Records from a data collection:
════════════════
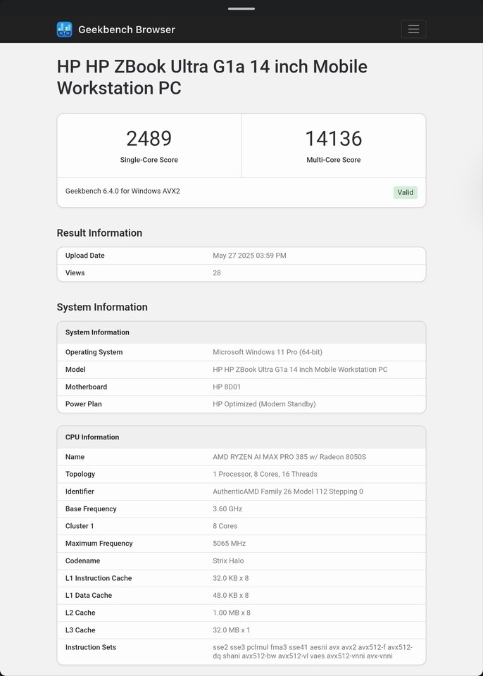 В Сети появились первые результаты тестирования новой мобильной APU от AMD — Ryzen AI Max Pro 385. Это упрощённая версия линейки Strix Halo, которая должна стать доступным вариантом для пользователей, не готовых платить за топовые конфигурации. В бенчмарке Geekbench была замечена сборка на базе HP ZBook Ultra G1a с 32 ГБ ОЗУ, где процессор показал хорошие результаты: 2 489 баллов в однопоточном режиме и 14 136 в многопоточном. Это говорит о том, что даже урезанный вариант чипа остаётся достаточно мощным для сложных задач. Однако в отличие от старшего Ryzen AI Max+ 395, который имеет 16-ядерный процессор и видеоядро Radeon 8060S, младшая модель получила 8-ядерный CPU и 32-ядерный GPU. Такое решение делает её менее производительной, но более привлекательной в плане энергоэффективности и цены. Хотя точные данные о стоимости новых ноутбуков пока отсутствуют, можно предположить, что они будут дешевле текущих устройств на Ryzen AI Max+. Сегодня такие устройства стоят более $2000, а значит, P
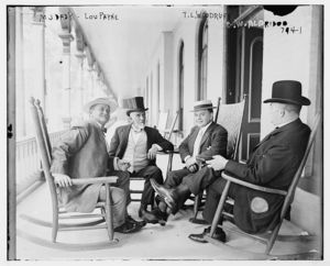 M.J. Dady, Lou Payne, T.L. Woodruff, and G.W. Aldridge, seated together on porch
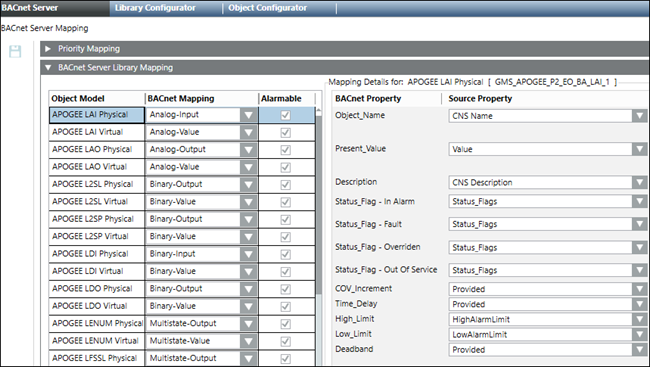 3. From the object models folder of the subsystem library, drag and drop object models you want to use with the BACnet server. Map the properties of the BACnet objects to the properties of your source objects. The following image shows an example of mapping to the APOGEE subsystem. You can provide specific values, or you can mark properties as not applicable if your subsystem does not have an equivalent property.
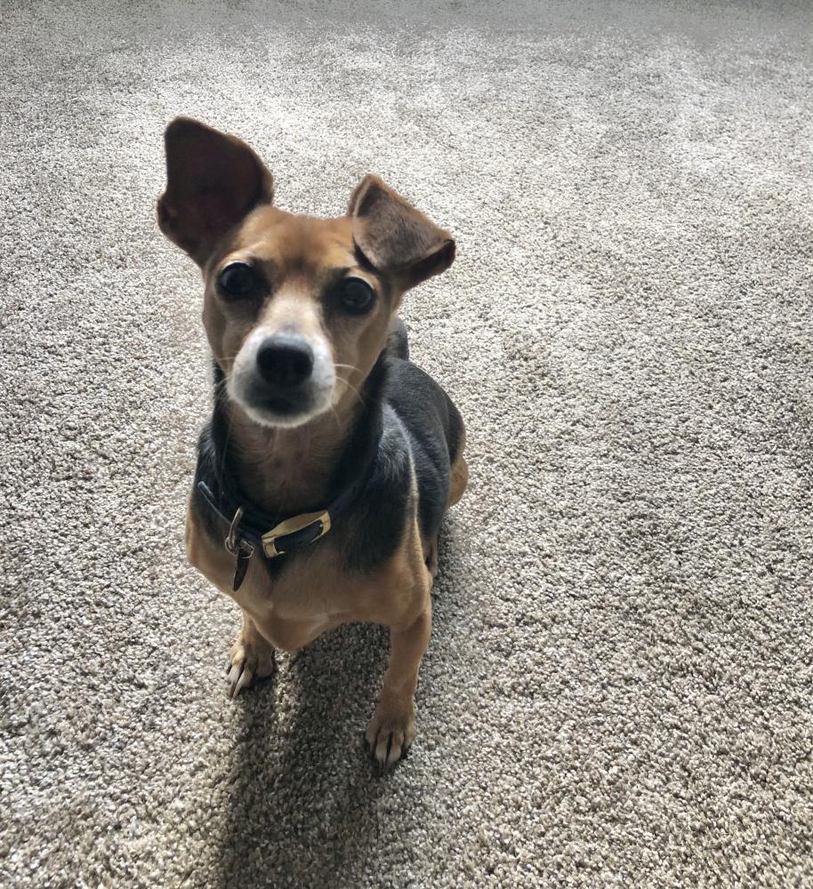 Pet Description:Brown and tan chihuahua wiener dog mix. He has a bow tie collar. He knows his name but is a little skittish, but he is very food motivated. |
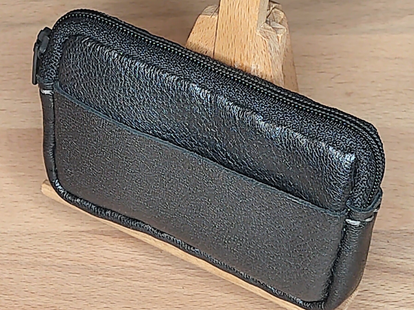 Porte-monnaie avec fermeture éclair et poche devant au format carte bancaire.
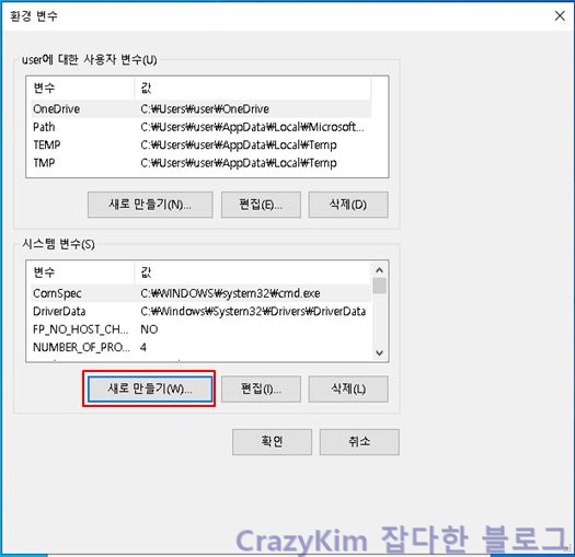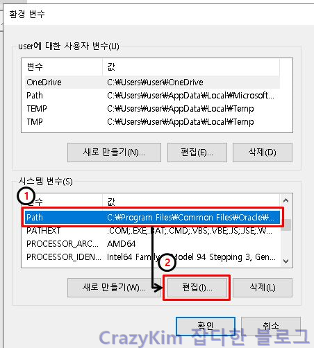 위의 방법을 참고하여 환경변수 설정 창에 들어갑니다
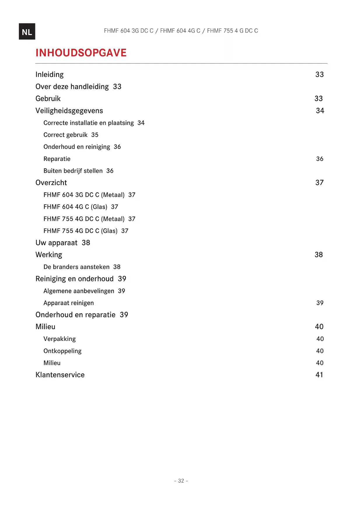 INHOUDSOPGAVE Inleiding 33 Over deze handleiding 33 Gebruik 33 Veiligheidsgegevens 34 Correcte installatie en plaatsing 34 Correct gebruik 35 Onderhoud en reiniging 36 Reparatie 36 Buiten bedrijf stellen 36 Overzicht 37 FHMF 604 3G DC C (Metaal) 37 FHMF 604 4G C (Glas) 37 FHMF 755 4G DC C (Metaal) 37 FHMF 755 4G DC C (Glas) 37 Uw apparaat 38 Werking 38 De branders aansteken 38 Reiniging en onderhoud 39 Algemene aanbevelingen 39 Apparaat reinigen 39 Onderhoud en reparatie 39 Milieu 40 Verpakking 40 Ontkoppeling 40 Milieu 40 Klantenservice 41– 33 – FHMF 604 3G DC C / FHMF 604 4G C / FHMF 755 4 G DC C
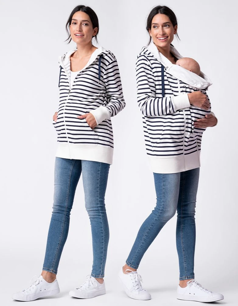Seraphine Sweat à Capuche 3 En 1 De Grossesse Et Portage à Rayures – Bleu Marine Et Blanc
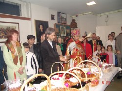 Пасхальная служба светла и духновенна. Вот батюшка поочередно появляется в праздничных ризах разнообразных цветов — голубой, желтой, зеленой, красной. Таким образом он, по давней традиции, подчеркивает торжественность и исключительность пасхальной службы и выражает ликующие чувства благодарности воскресшему Спасителю. Словно бы все православные праздники церковного года промелькнули сейчас пред нами и заключились праздником праздников. «Если бы не было Воскресения Христова, тщетна была бы наша вера» — еще раз напоминает отец настоятель слова апостола Павла.
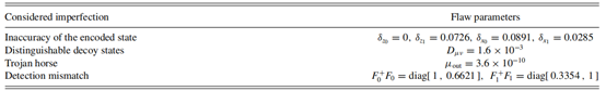 表一中展示了我们测量的四种缺陷参数,我们将缺陷参数考虑进密钥率模型中,并考虑有限数据量情况,密钥率结果如图二所示:
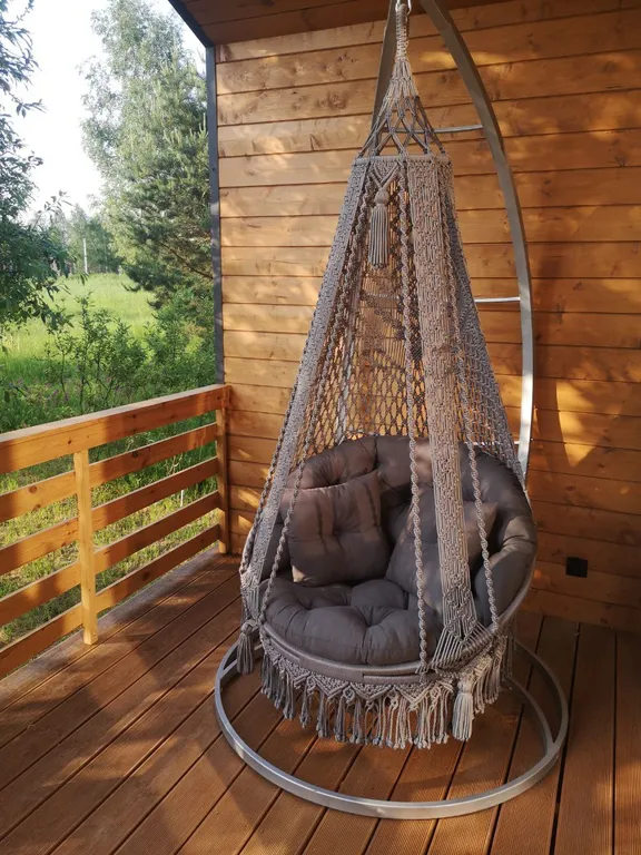 Открытая терраса – уличная мебель, подвесное кресло ручной работы, мангальная зона.
════════════════
> _Task requirements_
What's needed is an exact copy of the records above from the line containing "Pet Description:Brown and" down to the line containing "위의 방법을 참고하여 환경변수 설정 창에 들어갑니다", both included, without any pictures.

> _Task result_
 Pet Description:Brown and tan chihuahua wiener dog mix. He has a bow tie collar. He knows his name but is a little skittish, but he is very food motivated. |
 Porte-monnaie avec fermeture éclair et poche devant au format carte bancaire.
 위의 방법을 참고하여 환경변수 설정 창에 들어갑니다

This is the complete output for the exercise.